One late-breaking abstract that built upon previously released data examined the effect of long-term use up to 52 weeks of dupilumab on histologic, symptomatic and endoscopic aspects of EoE in PPI-refractory patients. This new analysis focused on Part C of the study, in which eligible patients who completed Part B for 24 weeks entered Part C and received dupilumab 300 mg dosed weekly for 28 weeks. Patients were categorized based on prior STC use and response to STC at the screening visit, and the findings showed that dupilumab was efficacious regardless of STC use. Patients treated with dupilumab showed sustained improvements in histologic, symptomatic and endoscopic aspects of EoE up to 52 weeks, regardless of prior STC use or inadequate response, intolerance or contraindication to STCs.

In addition, findings from a pre-specified analysis to assess the efficacy of dupilumab vs. placebo at 24 weeks in patients from Parts A and B of LIBERTY-EoE-TREET with and without prior history of esophageal dilation were presented. The analysis showed that dupilumab improved outcomes vs. placebo regardless of prior esophageal dilation status. So even the severe patients that had dilations before had good response to treatment with dupilumab.

Healio: How can these findings help doctors improve care?

Bredenoord: The data shows that dupilumab works well for all types of PPI-refractory EoE patients. That’s important information for doctors.

Healio: What is the next step in this research?

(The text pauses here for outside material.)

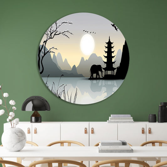 Silhouet Olifant bij Pagoda aluminium muurcirkel

Bredenoord: We are committed to continued evaluation of dupilumab in the EoE patient population, including in young children aged 1 to 11 years through a pivotal trial. Currently, there are no approved treatments for EoE in children aged younger than 12 years. Like adults and children aged 12 years and older, EoE can impact a younger child’s ability to eat, which is critical in early childhood when healthy weight gain is vital to long-term health and development. The ongoing three-part phase 3 EoE KIDS trial is evaluating the efficacy, safety and tolerability of dupilumab vs. placebo in pediatric patients aged 1 to 11 years with active EoE up to 16 weeks. Findings were reported at Digestive Disease Week from Part A of the study, which met its primary endpoint of histologic disease remission at 16 weeks with dupilumab.